* **What you have to do**: All records below are to be transcribed exactly, with every picture left out.

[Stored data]
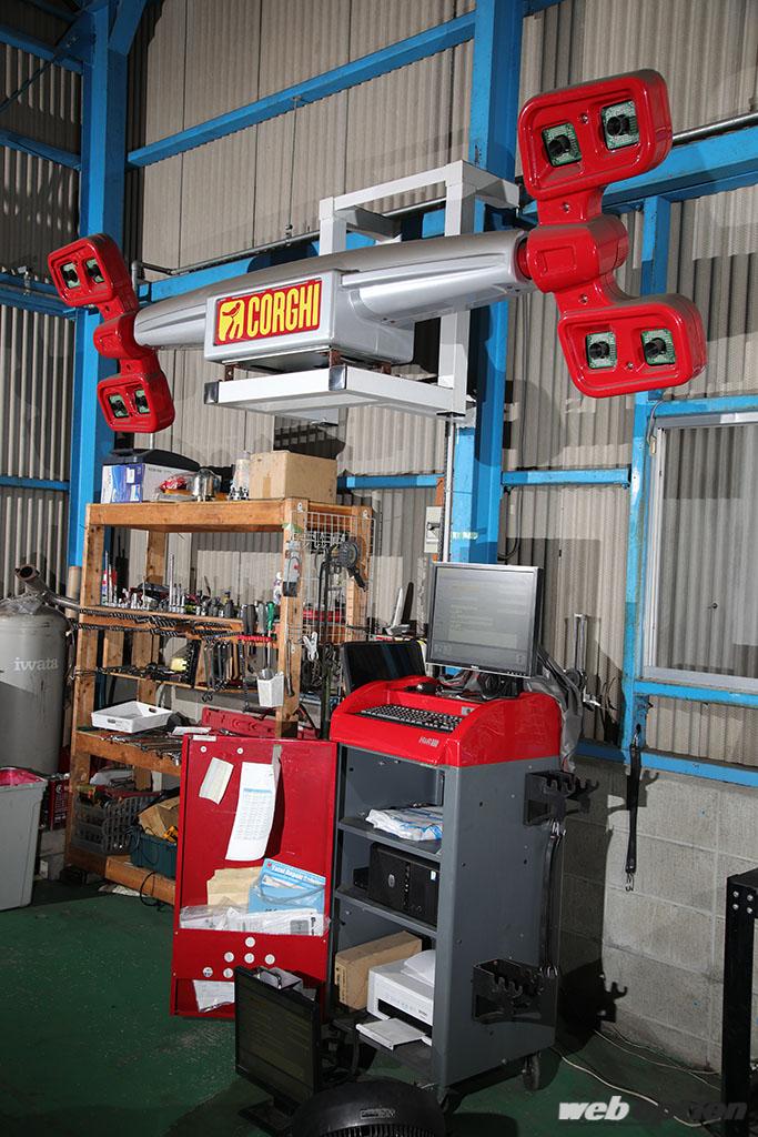 アライメントテスターはコーギー社製を使用。あくまでも数値確認のための必需品ではあるが、ツールよりも経験則に基づく確実な作業が最優先だというのが畑中さんの信条。
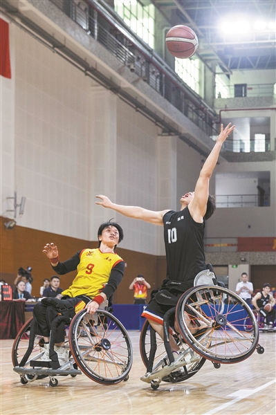在轮椅篮球赛上,广州各区的运动员一边操纵轮椅高速前进、后退、旋转,一边灵活快速运球、投球,令人目不暇接,偶尔跌倒也能立即反应,纵身还原坐姿,展示了力量与激情;在乒乓球比赛区,一字排开的乒乓球台上,不同年龄段的选手认真对决,坐着轮椅的、手臂不方便的、听力有障碍的,所有的状态都不能影响他们在飞舞的球拍和白色小球之间笑着、喊着,挥洒自己的热情。
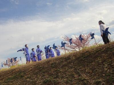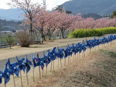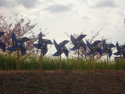 各学校のご協力で目標本数を大きく上回る1500本の風車が完成し、コノハナロードに設置が終了しました。ありがとうございました。
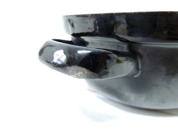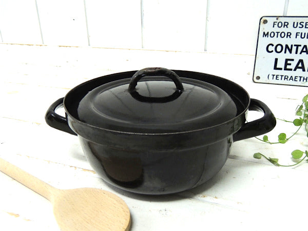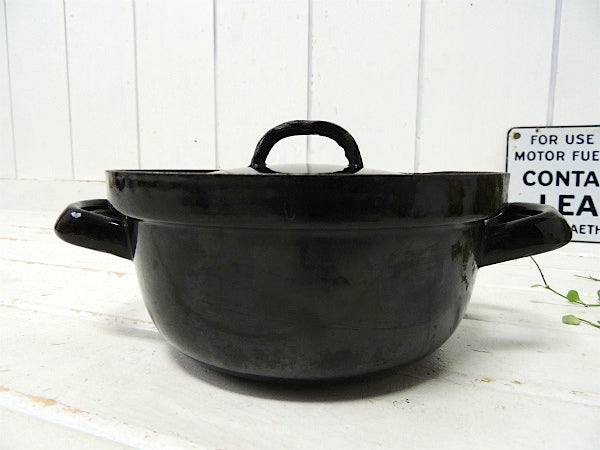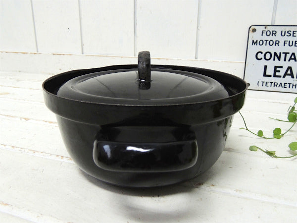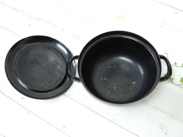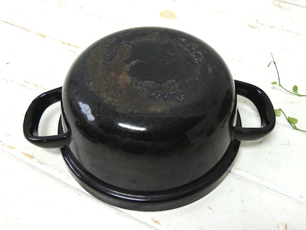 【黒色・ホーロー製】アンティーク・両手鍋・鍋/アウトドア/キッチン雑貨/キャンプ
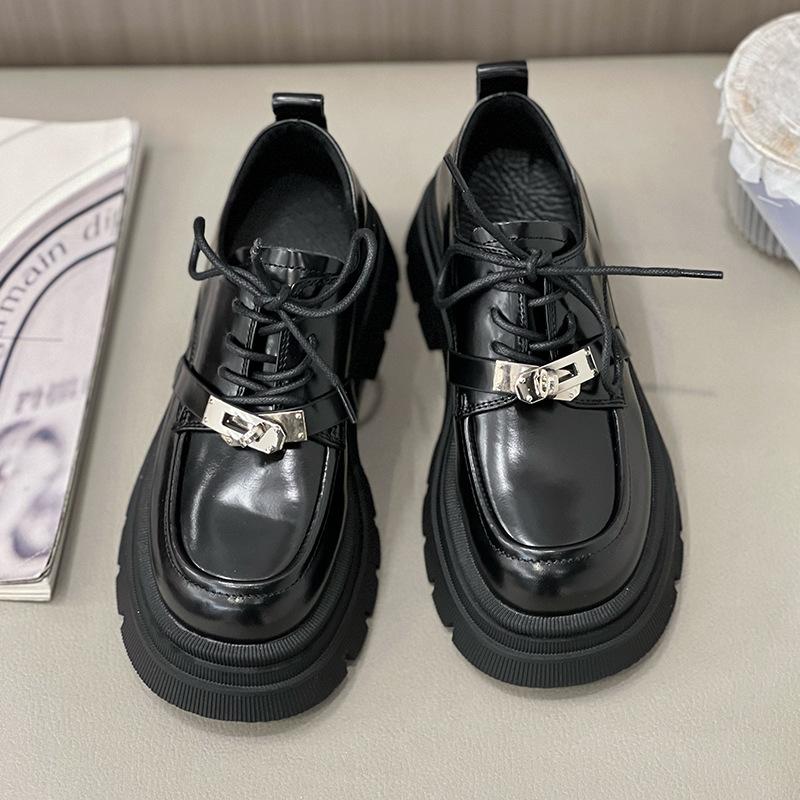 Туфли-лодочки на толстом каблуке с металлической пряжкой, женские новые туфли на платформе Мэри Джейн на шнуровке, кожаные

* **Answer box**:
 アライメントテスターはコーギー社製を使用。あくまでも数値確認のための必需品ではあるが、ツールよりも経験則に基づく確実な作業が最優先だというのが畑中さんの信条。
在轮椅篮球赛上,广州各区的运动员一边操纵轮椅高速前进、后退、旋转,一边灵活快速运球、投球,令人目不暇接,偶尔跌倒也能立即反应,纵身还原坐姿,展示了力量与激情;在乒乓球比赛区,一字排开的乒乓球台上,不同年龄段的选手认真对决,坐着轮椅的、手臂不方便的、听力有障碍的,所有的状态都不能影响他们在飞舞的球拍和白色小球之间笑着、喊着,挥洒自己的热情。
 各学校のご協力で目標本数を大きく上回る1500本の風車が完成し、コノハナロードに設置が終了しました。ありがとうございました。
 【黒色・ホーロー製】アンティーク・両手鍋・鍋/アウトドア/キッチン雑貨/キャンプ
 Туфли-лодочки на толстом каблуке с металлической пряжкой, женские новые туфли на платформе Мэри Джейн на шнуровке, кожаные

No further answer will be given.